Looking For Felicity
1 Prólogo
Notas iniciais
Então, após o tumulto que foi o final de Felicity's Secrets eu prometi que o prólogo de sua sequência não demoraria a sair. Eu estava incerta se postava por agora por que eu não vou mentir para vocês, só postarei mais quando regular minhas outras fics, mas eu queria meio que dar um presente a vocês, ontem foi meu aniversário e eu queria postar ontem mesmo, mas não sabia ao certo se isso era realmente o que queriam, então eu perguntei, por que eu quero deixar claro que por enquanto o prólogo será tudo que posso dar a vocês, eu tenho mais escrito? Sim, eu tenho.

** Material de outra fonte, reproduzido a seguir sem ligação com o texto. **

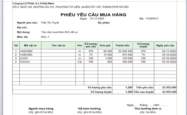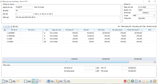 Chức năng: Khi phát sinh nhu cầu mua hàng bộ phận phụ trách lập phiếu yêu cầu mua hàng
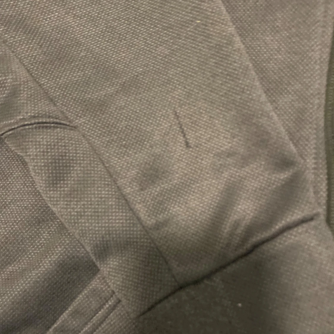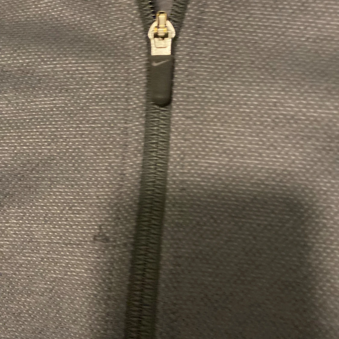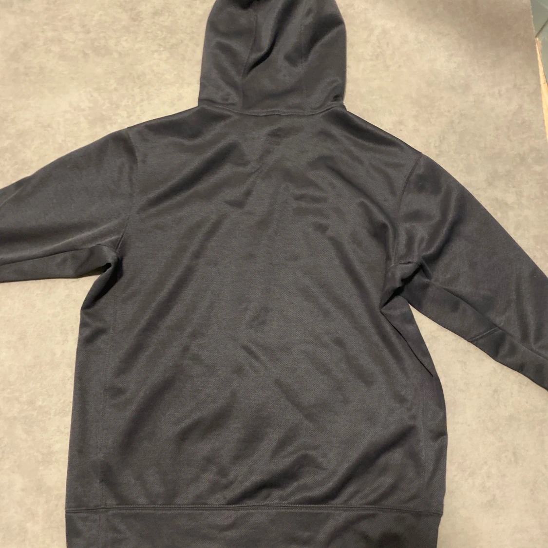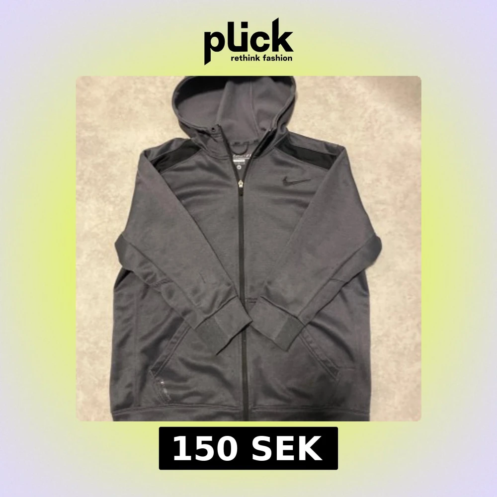 Mörkgrå hoodie från Nike med Therma-Fit-teknologi. Tröjan har huva, hel dragkedja och två fickor framtill. Perfekt för kyliga dagar och träning. Klassisk Nike-logga på bröstet och mjukt fleecefoder på insidan. Har några slitningar men inget som direkt syns vid användning. Längd längd 67cm, bredd 58cm, armlängd 40cm

Mas enquanto eu não puder me comprometer, eu não vou prometer nada a vocês, de qualquer forma eu quero agradecer o carinho com que vocês acompanharam Felicity's Secrets, e aqueles que decidiram continuar acompanhando a história de Oliver e Felicity.
Espero que gostem!
O lugar fedia.
O odor de cigarro mesclado ao de álcool invadia minhas narinas fazendo com que eu resistisse à vontade de torcer o nariz em desaprovação. Thea riria de minha atitude, provavelmente me taxaria de mesquinho e arrogante, eu não me importava. Eu havia passado um inferno para encontrar esse lugar situado no meio do nada, próximo à terra de ninguém.
Eu tinha apenas um objetivo em mente quando entrei no clube de stripers e não era pagar por uma dança no colo. Deixei meus olhos acompanharem o lugar com falso interesse, passando pelas mulheres vestidas com mínimo de roupas que se ocupavam entretendo seus clientes, as únicas que vestiam algo menos revelador eram as garçonetes que exibiam suas curvas vestidas de saias de couro e blusas curtas o comprimento indo apenas a pouco abaixo dos seios. Sem dúvida nenhuma a frase que continha nelas era uma brincadeira irônica, "Você pode olhar, mas não pode tocar." Eu estava surpreso por terem conseguido espaço o suficiente para a pequena brincadeira.
— Vai querer algo, bonito? — A morena perguntou no momento em que parei em frente ao balcão. Forcei um sorriso pretendendo usar seu flerte ao meu favor. Seus olhos brilharam com expectativa reagindo ao meu aparente interesse.
— Eu estou procurando por uma garota. — Murmurei me apoiando ao balcão, assimilando uma vez mais o forte cheiro de bebida. Ela inclinou a cabeça com um sorriso divertido.
— Olhe ao redor. — Falou apontando com o queixo, tomei meu tempo fazendo o que pedia, alguns homens disputavam a atenção de uma dançarina que exibia os seios nus. Outras dançavam em poles, uma ou outra passeavam livremente despidas de qualquer constrangimento por estarem praticamente nuas, e garçonetes iam e vinha atendendo aos pedidos dos homens que estavam ansiosos por sua atenção mais do que pelas bebidas, senti uma onda de desgosto passar por mim e deixar um gosto amargo em minha boca, era aqui que ela estava? Foi por isso que ela me abandonou? Eu não queria acreditar que depois de tudo o que passamos, tão pouco eu importava. — O que não falta é garotas. — Continuou alheia aos meus pensamentos sombrios. — Mas eu preciso alertar, essa frase... — Apontou para os seios. — Não é apenas uma piada interna, você realmente pode olhar, mas para tocar a garota tem que estar a fim, temos seguranças para garantir que isso seja seguido. — Seu tom agora era um pouco ameaçador. Mas logo seu rosto exibiu o costumeiro ar de flerte. — Mas eu duvido que com um rosto e corpo como esse você teria problemas de encontrar uma garota disposta. — Piscou deixando-me saber que ela estava incluída.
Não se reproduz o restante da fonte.